Blunders two and three: Kustom is not Eisner’s next book. It is Dewey Nicks’ solo debut — his words, his photographs, his obsession. And, it’s N-I-C-K-S not K-N-I-C-K-S. Perhaps the confusion arose because Eisner is the co-publisher of Kustom, not its author, a subtle distinction that apparently escaped Booth’s inflationary imagination.

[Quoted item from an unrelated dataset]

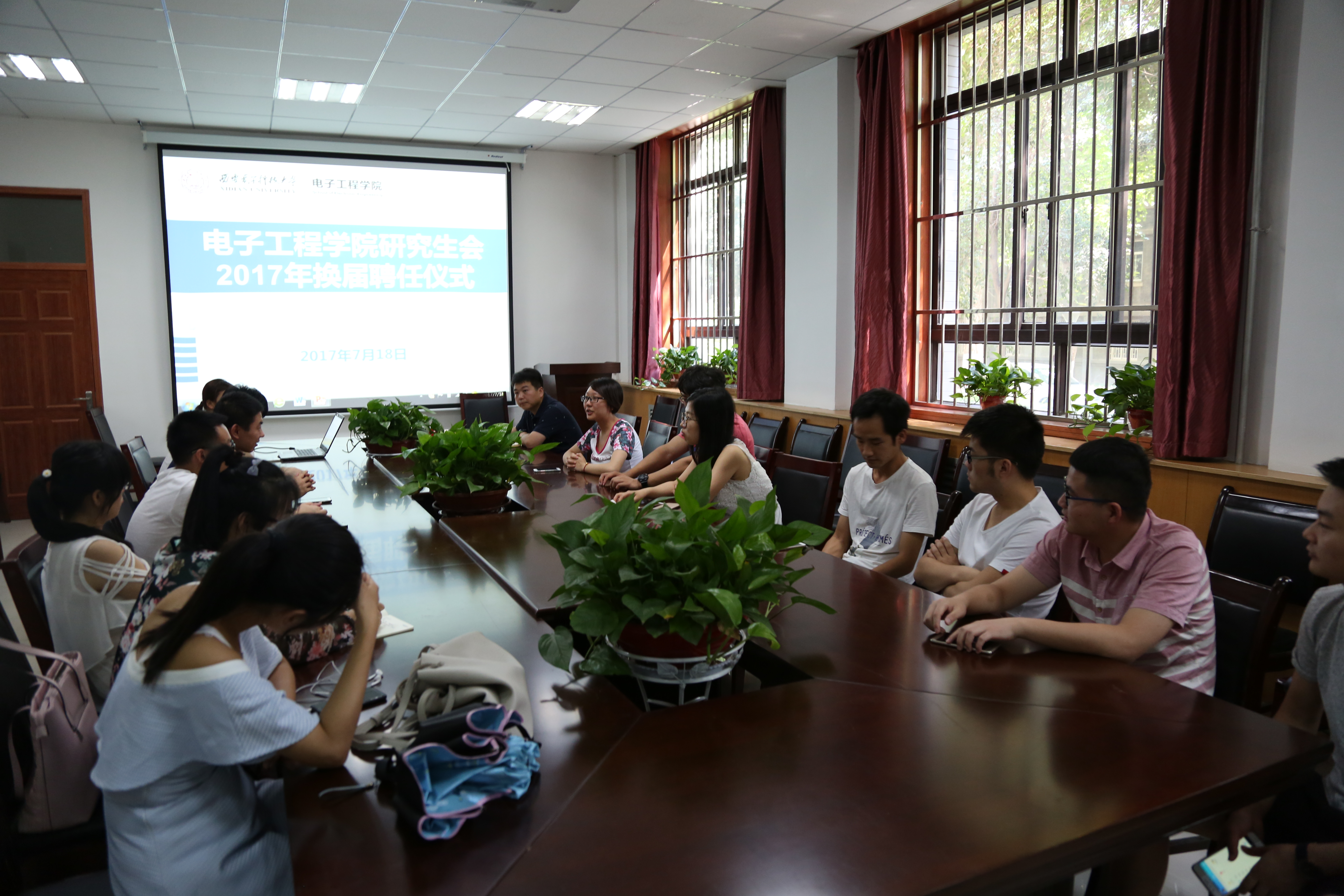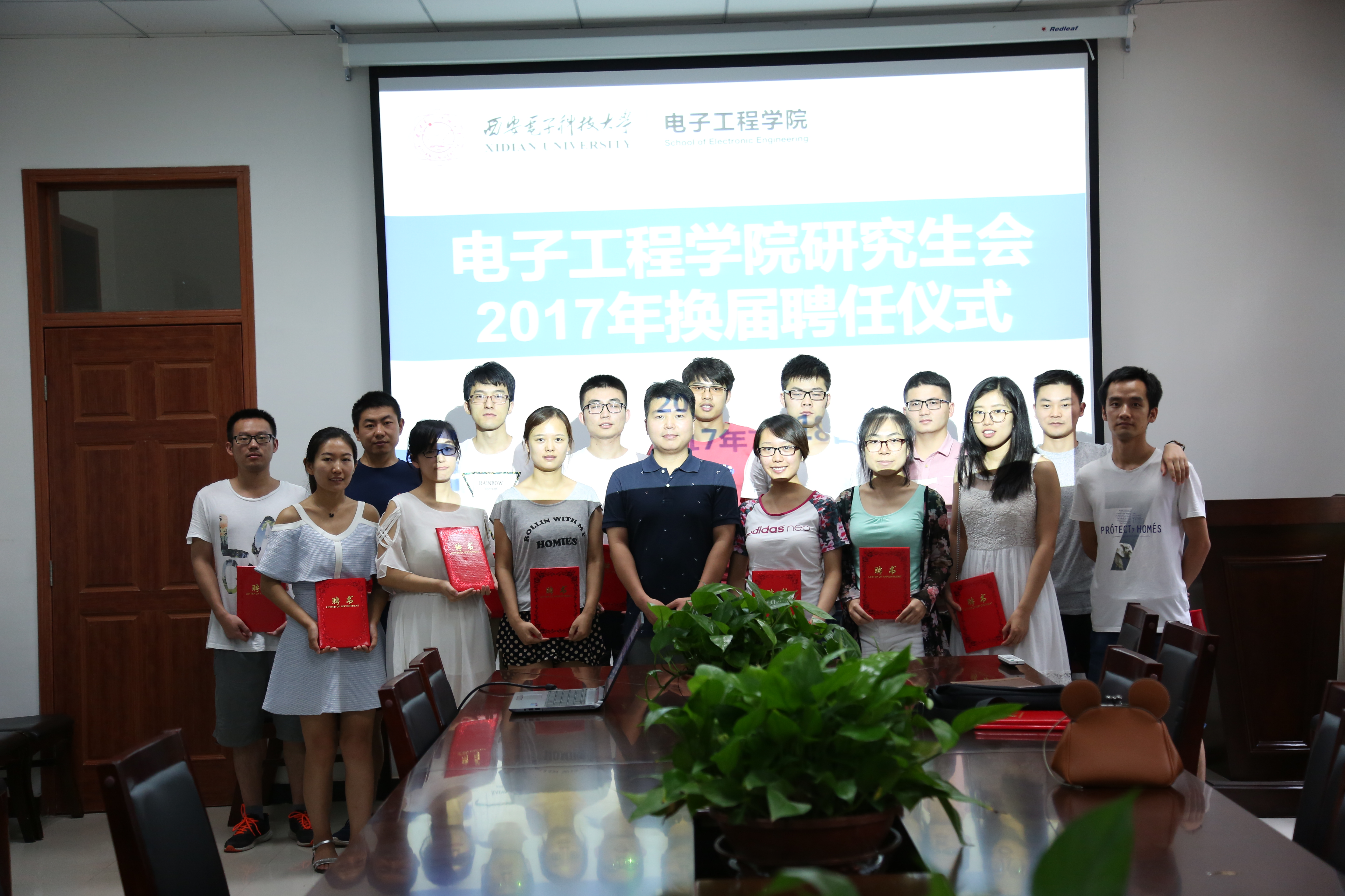 (通訊員:侯敏)7月18日下午,在西大樓Ⅲ區109會議室,電子工程學院研究生會舉行了2017年換屆聘任儀式。電子工程學院研究生輔導員鄧鑒老師、電子工程學院研究生會主席張寶譽以及研究生會的同學參加了本次聘任儀式。

Newly appointed Times editor John Carroll and managing editor Dean Baquet being a bit touchy about facts, the newspaper dutifully printed a correction two days later. “Tuesday’s So Cal Confidential column misidentified Lisa Eisner. She is not related to Walt Disney Co. Chairman Michael Eisner.” Disney’s Ken Green says that his company did not make the catch that prompted the “For The Record” admission. Times spokesman David Garcia did not return Offbeat’s calls concerning Moore’s other mistakes. And why should he? “So Cal Confidential” is gossip, not news, so what’s the harm of a little embellishment whispered among (catty) friends?